Boris estaba especialmente en contra de que la competición fuera tan apresurada; su entrenamiento apenas había comenzado y aún les quedaban muchas cosas por aprender.

Por desgracia, no había nada que pudiera hacer.

Stella se levantó de su silla y luego alzó ligeramente los lados de su vestido.

—Ahora que todo está resuelto, me retiraré.

Ruego por una buena cooperación entre mis Leeris y las familias Argent y Revy.

Daimon asintió, se puso de pie y luego hizo una ligera reverencia con la mano derecha sobre el corazón, un gesto de buena voluntad entre nobles.

—Yo también lo espero… señorita Leeris.

Stella se fue, dejando atrás solo a Boris, Daimon y Aura.

Por supuesto, Boris notó que Aura lo fulminaba con la mirada, así que se levantó de inmediato y se excusó.

—Directora, necesito ver cómo está mi sobrina, así que yo también me retiraré.

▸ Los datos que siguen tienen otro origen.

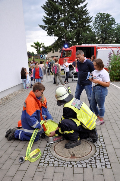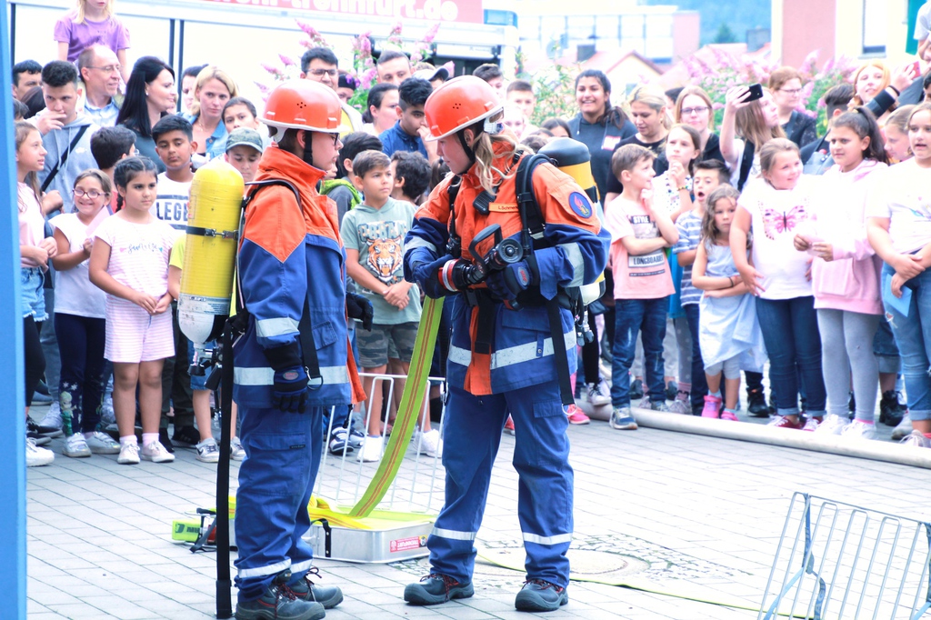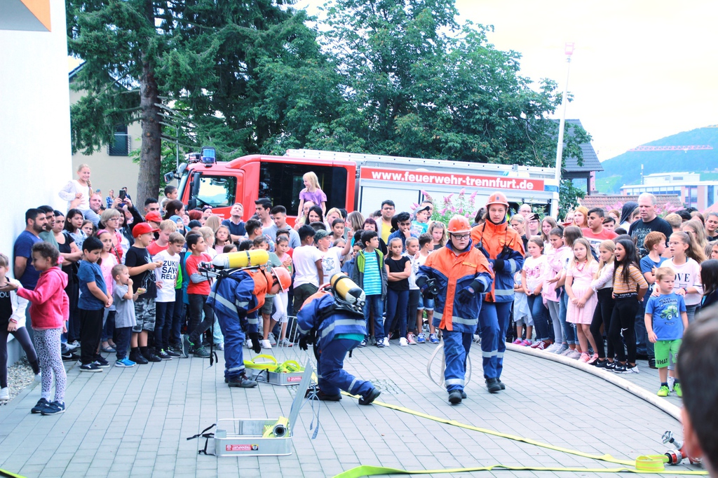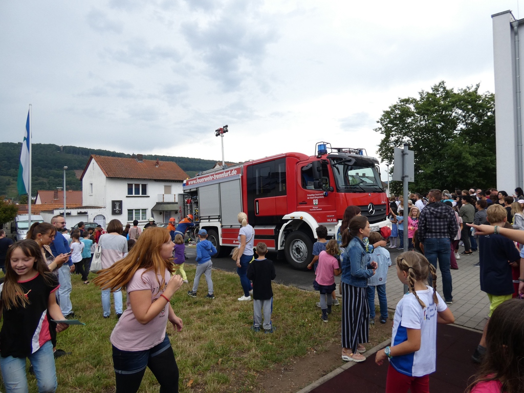 Der Elternbeirat ließ mit einem reichhaltigen Kuchenbuffet und einigen herzhaften Angeboten keine Wünsche offen. Am Schluss erfolgte noch die Ehrung der besten Läufer und Läuferinnen des Lauftages, der besten Künstlerin eines Kunstwettbewerbes und der Mitglieder der Schulband, die mit einigen dargebotenen Musikstücken das bunte Programm des Schulfestes bereicherten. Mit einer spannenden Rettungsübung der Jugendfeuerwehr Trennfurt schloss der abwechslungsreiche Nachmittag ab.

Tan pronto como Boris se fue, Aura se levantó y caminó hacia Daimon.

Luego puso una expresión esperanzada, como una niña pequeña que quiere que la elogien.

Daimon dio unas palmaditas en su pierna y Aura se sentó de inmediato en su regazo, solo para ser besada por Daimon.

Sus lindas orejas de lobo se agitaron mientras disfrutaba del beso.